- _The problem_
Would you reproduce the data below exactly, please, leaving out its images?

- _Dataset section_

☆ ☆ ☆ ☆ ☆ ☆ ☆

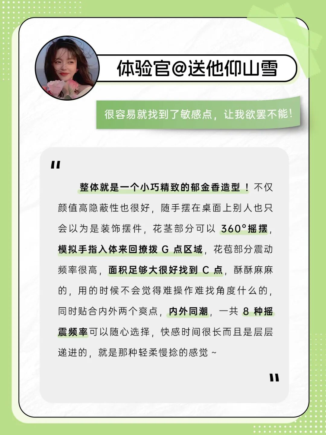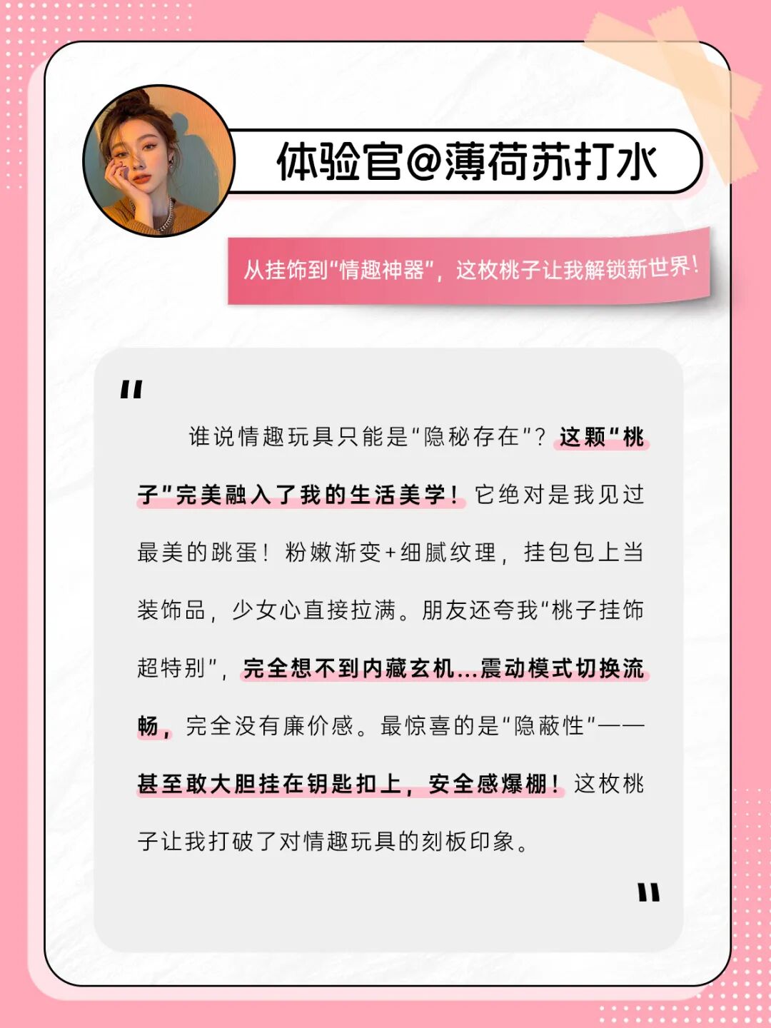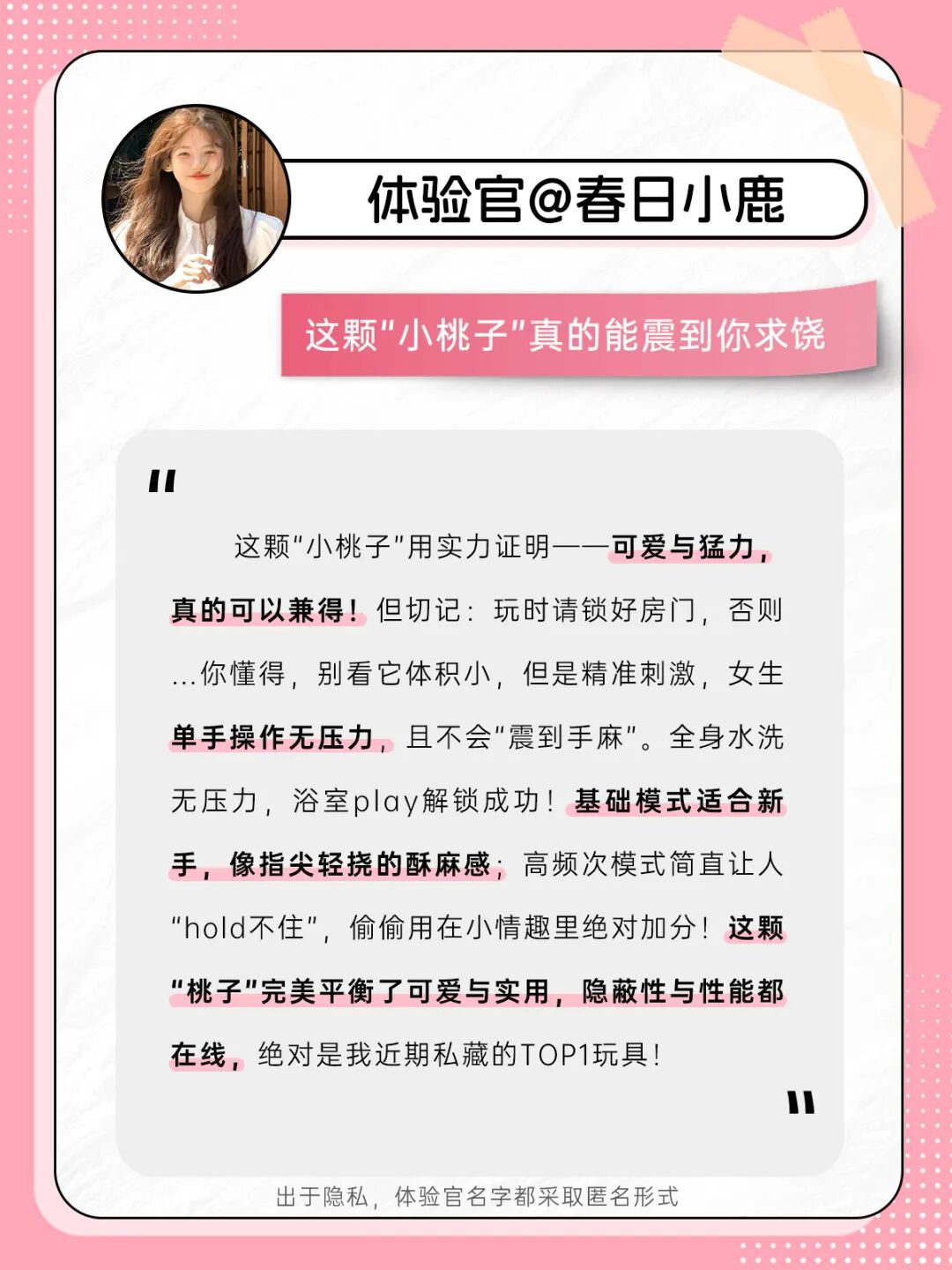 Women产品手册丨悦金香&桃妳欢心测评日记 作者: 杰士邦秘密花园 声明:本文仅为产品使用指南与人物资讯,不含任何色情内容,不提供任何观看方式,不涉及非法信息。如若本站内容侵犯了原著者的合法权益,可联系我们进行处理。
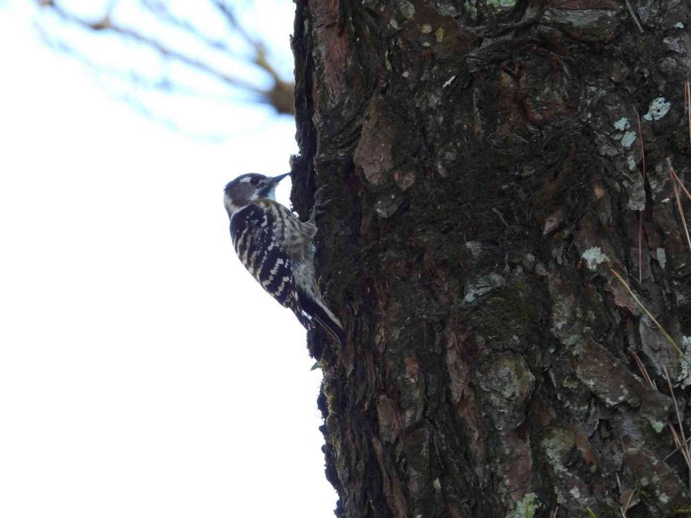 野鳥のコゲラ お食事中🍴😋🍴松の木を一生懸命つついてました。🐦
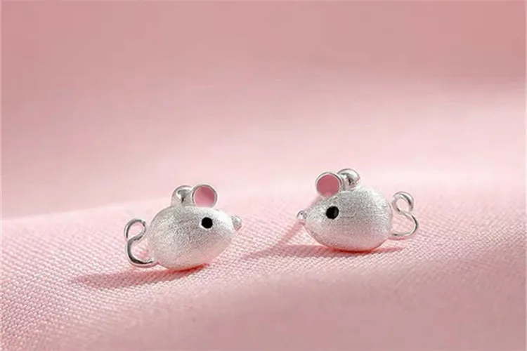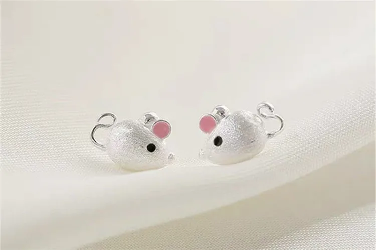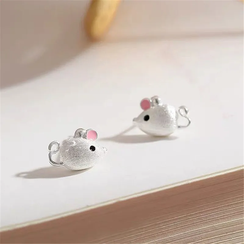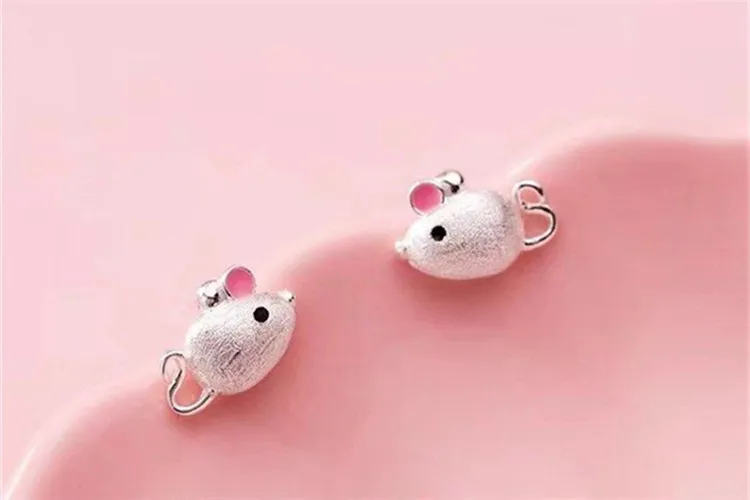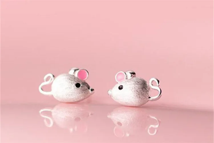 Victoria’s Vogue New Fresh And lovely Lady Pink Ears Small Mouse 925 Sterling Silver Jewelry Personality Animal Exquisite Stud Earrings
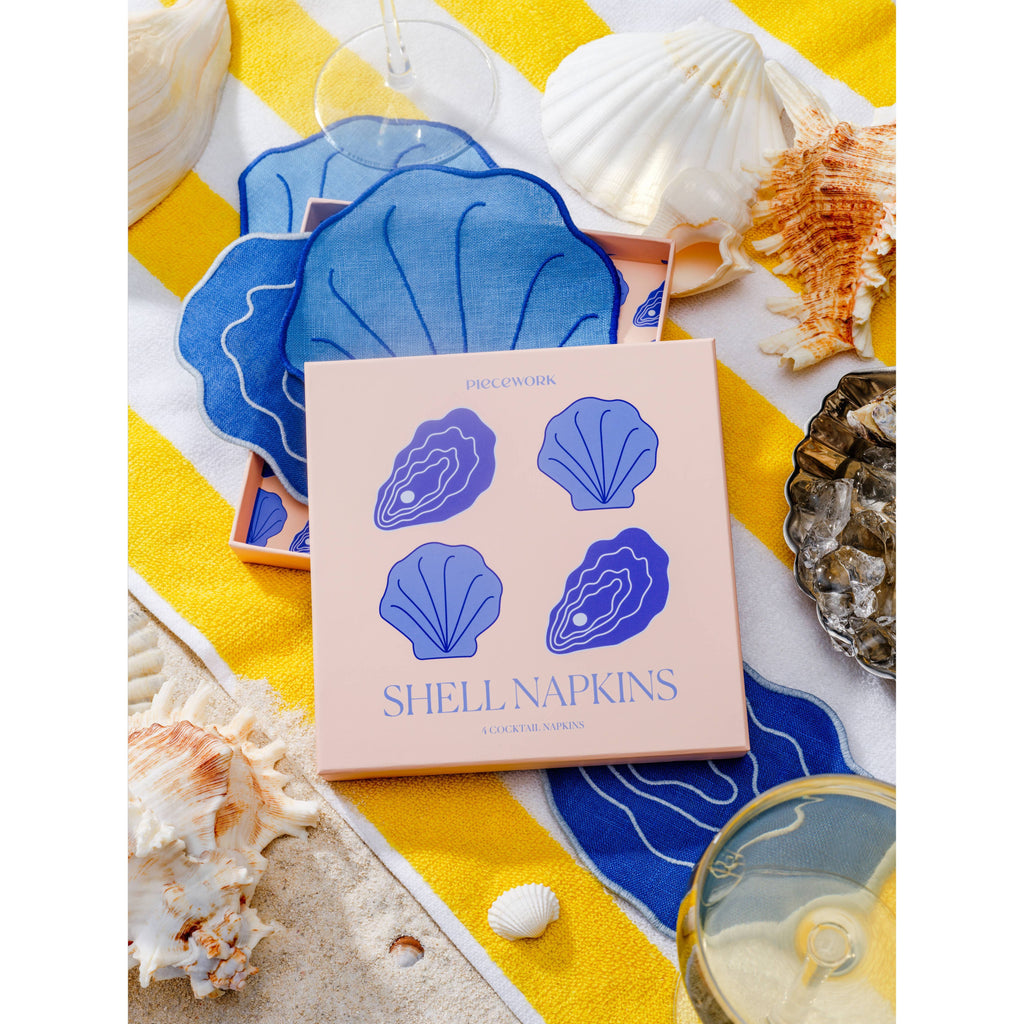 Bring the beach to your bar cart with four 100% linen blue shell-shaped napkins. Sold as a set of 4 100% Linen, embroidered with cotton thread Approximately 6 inches across Handwash in delicate detergent, air dry, and gently iron. Or, dry clean.

☆ ☆ ☆ ☆ ☆ ☆ ☆

- _Your response_
 Women产品手册丨悦金香&桃妳欢心测评日记 作者: 杰士邦秘密花园 声明:本文仅为产品使用指南与人物资讯,不含任何色情内容,不提供任何观看方式,不涉及非法信息。如若本站内容侵犯了原著者的合法权益,可联系我们进行处理。
 野鳥のコゲラ お食事中🍴😋🍴松の木を一生懸命つついてました。🐦
 Victoria’s Vogue New Fresh And lovely Lady Pink Ears Small Mouse 925 Sterling Silver Jewelry Personality Animal Exquisite Stud Earrings
 Bring the beach to your bar cart with four 100% linen blue shell-shaped napkins. Sold as a set of 4 100% Linen, embroidered with cotton thread Approximately 6 inches across Handwash in delicate detergent, air dry, and gently iron. Or, dry clean.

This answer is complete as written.